*** Opening of Data records ***

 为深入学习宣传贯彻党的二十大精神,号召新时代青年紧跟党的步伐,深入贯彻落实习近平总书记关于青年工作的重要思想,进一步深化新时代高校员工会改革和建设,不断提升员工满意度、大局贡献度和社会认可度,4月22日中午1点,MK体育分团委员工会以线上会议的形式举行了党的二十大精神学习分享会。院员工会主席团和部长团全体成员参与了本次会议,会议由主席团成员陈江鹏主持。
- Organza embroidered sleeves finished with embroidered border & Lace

*** Close of Data records ***
*** Opening of Data records ***

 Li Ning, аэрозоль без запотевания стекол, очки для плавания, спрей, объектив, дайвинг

*** Close of Data records ***

### Action item
For the material above, reproduce exactly the lines from the line with "为深入学习宣传贯彻党的二十大" to the line with "- Organza embroidered", inclusive, and exclude all others.

### Final answer
 为深入学习宣传贯彻党的二十大精神,号召新时代青年紧跟党的步伐,深入贯彻落实习近平总书记关于青年工作的重要思想,进一步深化新时代高校员工会改革和建设,不断提升员工满意度、大局贡献度和社会认可度,4月22日中午1点,MK体育分团委员工会以线上会议的形式举行了党的二十大精神学习分享会。院员工会主席团和部长团全体成员参与了本次会议,会议由主席团成员陈江鹏主持。
- Organza embroidered sleeves finished with embroidered border & Lace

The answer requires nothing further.